**AIM OF THE EXERCISE:** Include the line with "Other masks depicted" and every line before it in the entries below, echoed exactly, but not the pictures.

**SOURCE MATERIAL:**
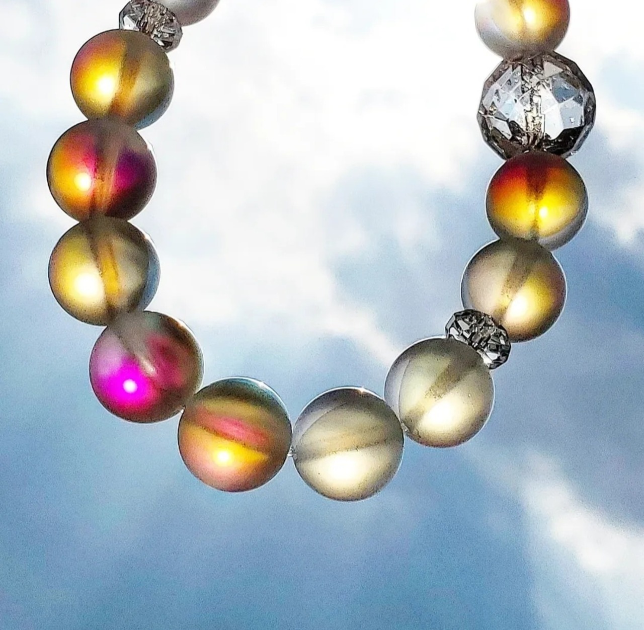 ルナフラッシュ(夜光石)は、ガラスの内部にオーロラフィルムや樹脂を特殊で繊細な技術技法で封入して作られた人工石(人工ガラス)です
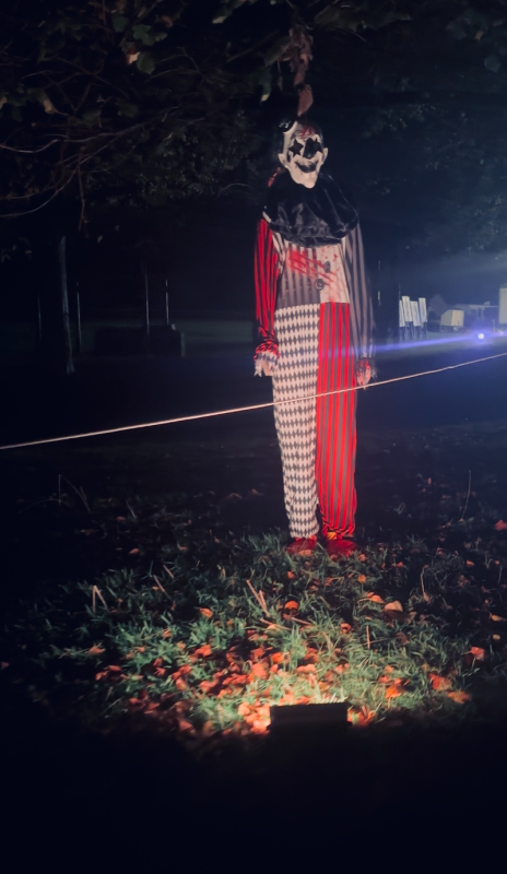 Other masks depicted skeletal beings with maggots emerging from hollow eye sockets, creating a very disturbing image. The clowns, with their pointed noses and intricate detailing, wore masks that looked more like crafted prosthetics than simple face coverings. At the opening, a doll-faced character made an immediate impression with a mask whose eyes blinked and moved all on their own, adding a bizarre lifelike quality. Touches like this raised the bar on the entire experience and made the trail visually gripping throughout.
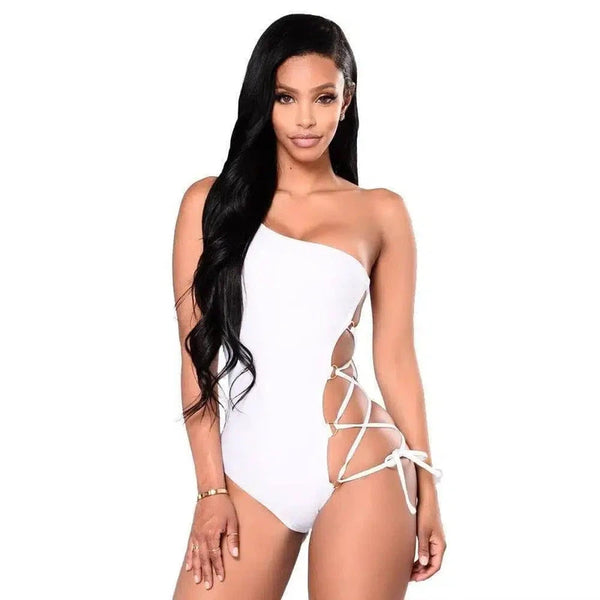 Baju renang bikini satu bahu dengan tali silang berbentuk lingkaran
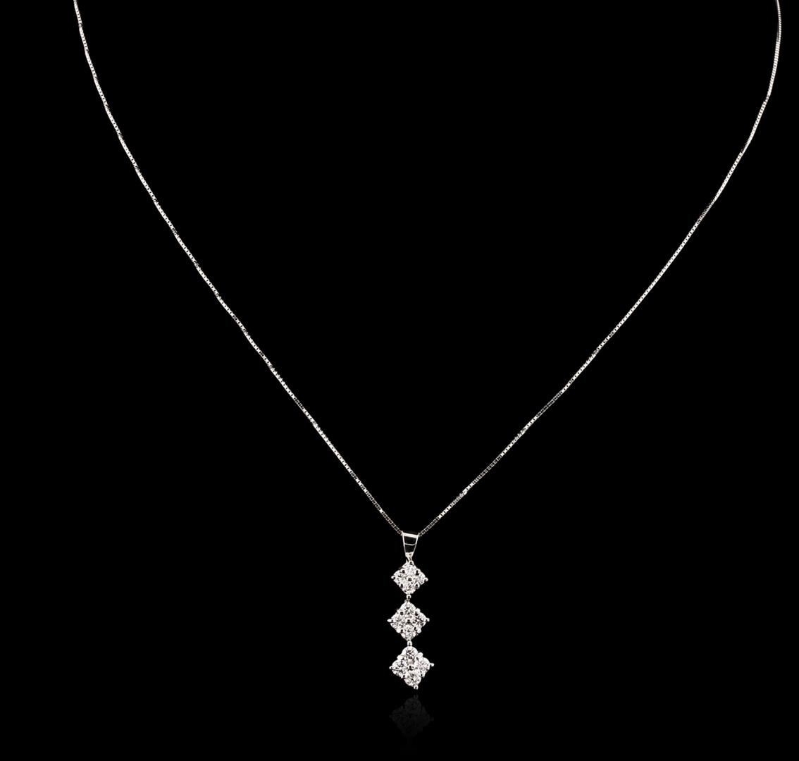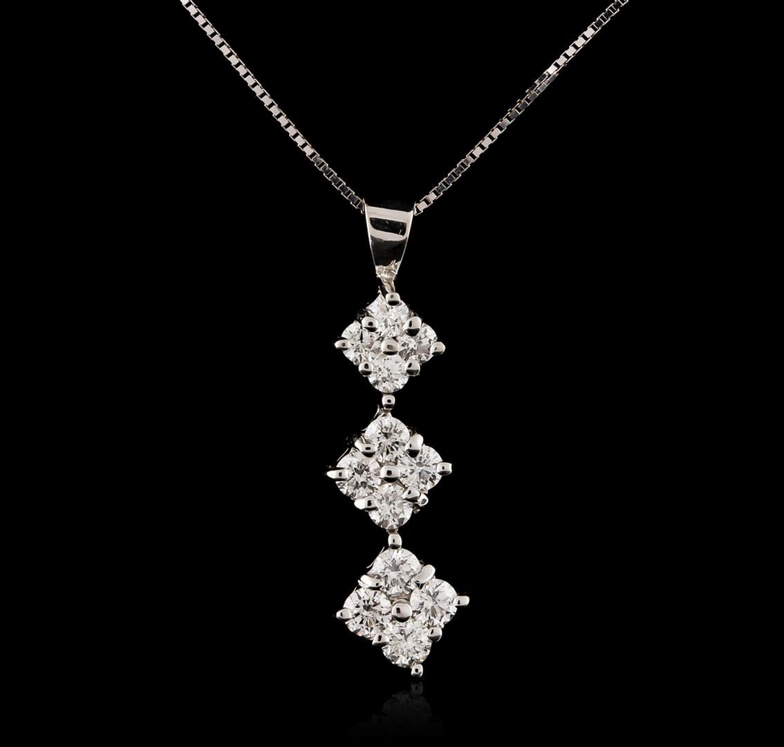 One pendant with chain featuring: 18KT white gold weighing 3.39 grams containing diamonds with a total weight of 0.85ct.
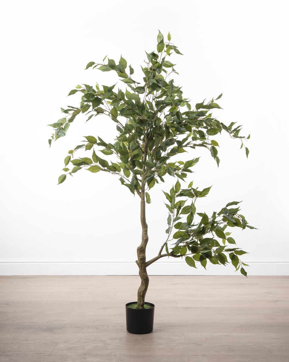 Bring timeless greenery into your home with the Faux Ficus Tree. Designed to capture the natural beauty of a real ficus, this artificial plant features a gracefully twisting trunk topped with abundant, glossy green leaves that create a full and realistic canopy. Its detailed foliage offers a lifelike texture and layered depth, making it a perfect, low-maintenance choice for adding a fresh and vibrant touch to any space.
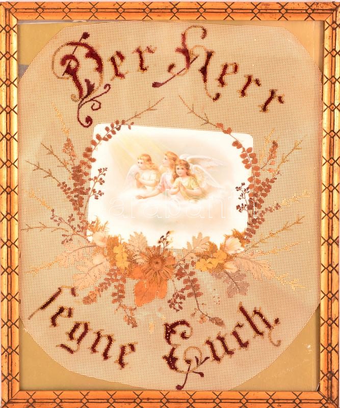 Leírás: cca 1920 "Der herr legne Eurch", zárda munka, nyomat-kollázs, üvegezett keretben, 29×24

**RESPONSE:**
 ルナフラッシュ(夜光石)は、ガラスの内部にオーロラフィルムや樹脂を特殊で繊細な技術技法で封入して作られた人工石(人工ガラス)です
 Other masks depicted skeletal beings with maggots emerging from hollow eye sockets, creating a very disturbing image. The clowns, with their pointed noses and intricate detailing, wore masks that looked more like crafted prosthetics than simple face coverings. At the opening, a doll-faced character made an immediate impression with a mask whose eyes blinked and moved all on their own, adding a bizarre lifelike quality. Touches like this raised the bar on the entire experience and made the trail visually gripping throughout.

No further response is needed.